Велиная княгиня. Анна Романовна
Шрифт:
Россиян провожал весь Корсунь и многие земледельцы окрестных селений. Вместе с князем на Русь уплывали архиереи. Одни уходили по доброй воле, другие по просьбе великой княгини Анны, третьи же повелением патриарха Византии. Такое повеление было дано митрополиту Михаилу. Макарий отправлялся добровольно из-за дочери Фениты. А причиной тому был Стас Косарь, потому как Фенита и Стас полюбили друг друга. Стас был крещен вместе с дружиной, потом, уже после венчания Анны и Владимира, его и Фениту тоже привели под венец. Князь Владимир не расстался с Анастасом и его сестрой Анастасией: всем сердцем прикипел он к достойному корсунянину.
– Будешь ты мне, Анастас, за родного брата. Церковь в Киеве построю и отдам тебе в удел, - говорил Владимир, увлекая за собой
Анастас не сразу дал согласие, лишь после беседы с отцом Григорием. Он спросил старца:
– Скажи, отец, не будет ли христианская церковь на Руси в гонении, язычеством попираемая? Пойдут ли россы-идоляне за князем в новую веру?
– Россияне чтят князя Владимира, и многие пойдут за своим отцом. Да будет и противостояние. Но Христова вера укрепится на Руси, если ты и архиереи Царьграда помогут, - ответил Григорий.

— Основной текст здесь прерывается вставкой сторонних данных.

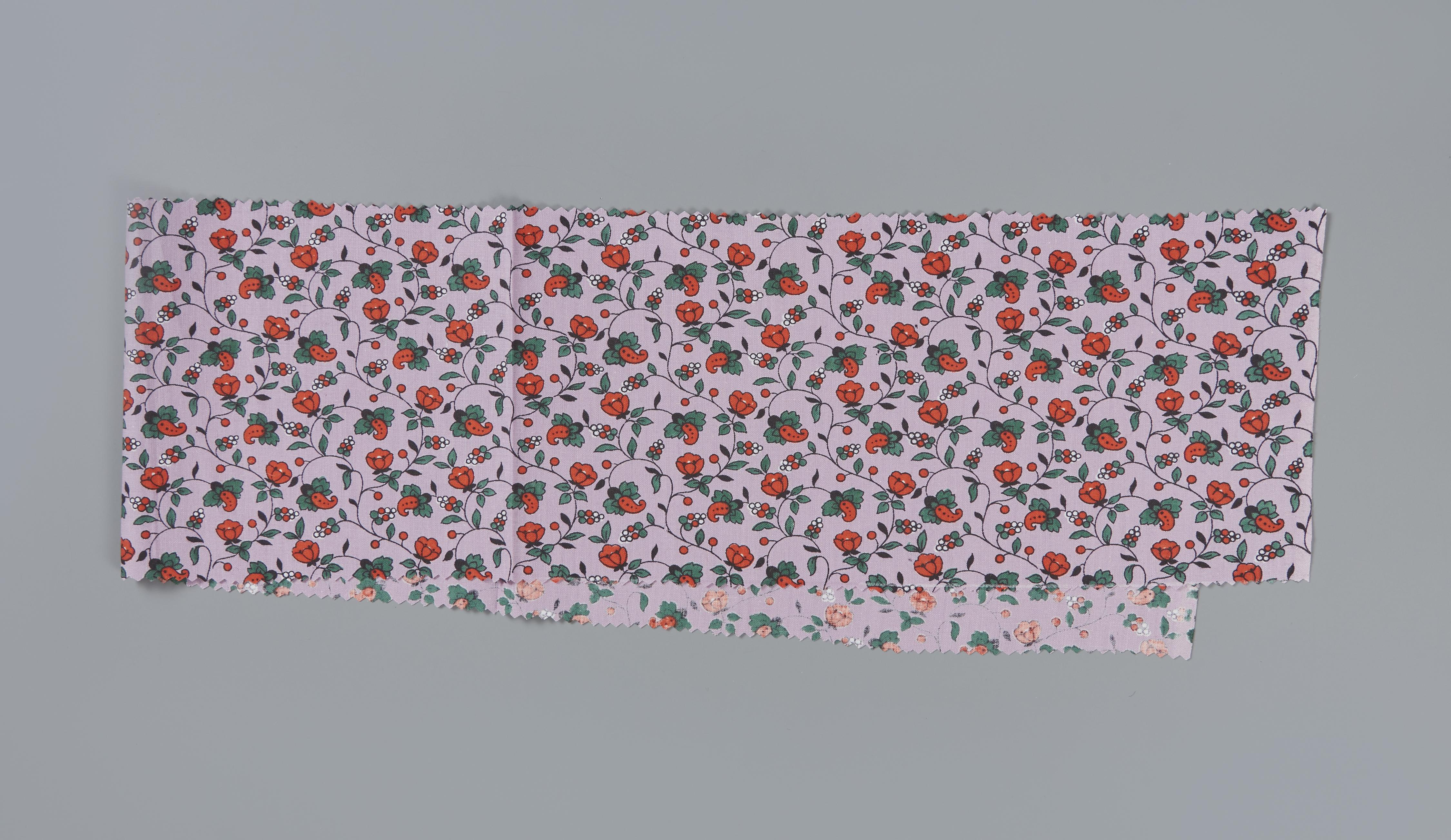 Strook gedessineerde katoen, bedrukt met rode, groene en zwarte motieven op een paars fond. De stof is gebruikt voor kraplappen in Bunschoten-Spakenburg en wordt 'middagbont' genoemd. Een kraplap van middagbont kan uit de rouw gedragen worden bij de geklede opknapdracht, catechesatie of naar een doordeweekse kerkdienst zoals op Hemelvaartsdag, maar nooit naar een zondagse kerkdienst. ...

– Спасибо, что сказал правду и вселил надежду. Еду служить россиянам и их князю, - заключил Анастас.
Русские суда ушли из бухты Корсуня с попутным ветром, и вскоре Владимир достиг устья. Днепра. Путь стал труднее, но, возвращаясь к родным очагам, воины не жалели сил, когда шли против течения на веслах, когда тянули ладьи и струги через Алатырскую возвышенность.
Печенеги на сей раз не тревожили русичей, хотя их конные сотни нет-нет да и показывались вдали, почти сходились с конными дозорами княжеской дружины. Вот уже и днепровские пороги позади, и речка Рось с городком Родня проплыли мимо. До Киева рукой подать. Князь Владимир и княгиня Анна в сопровождении отряда гридней и отроков, с отрядом греческих воинов во главе с Тарсом и вместе с дядей Добрыней умчали вперед, чтобы побыстрее достичь стольного града. Расторопный Добрыня послал в Киев гонцов, чтобы дворцовая челядь приготовила великокняжеские палаты к прибытию молодоженов. Сам князь Владимир и Анна спешили уединиться в княжеском тереме и унять жар сердец, которые, похоже, за долгий путь слились в одно. Молодая царевна-княгиня полюбила своего супруга со всей страстью южного нрава. Он же пылал от иного, может, от жажды и нетерпения утолить пылающую плоть, кому это ведомо…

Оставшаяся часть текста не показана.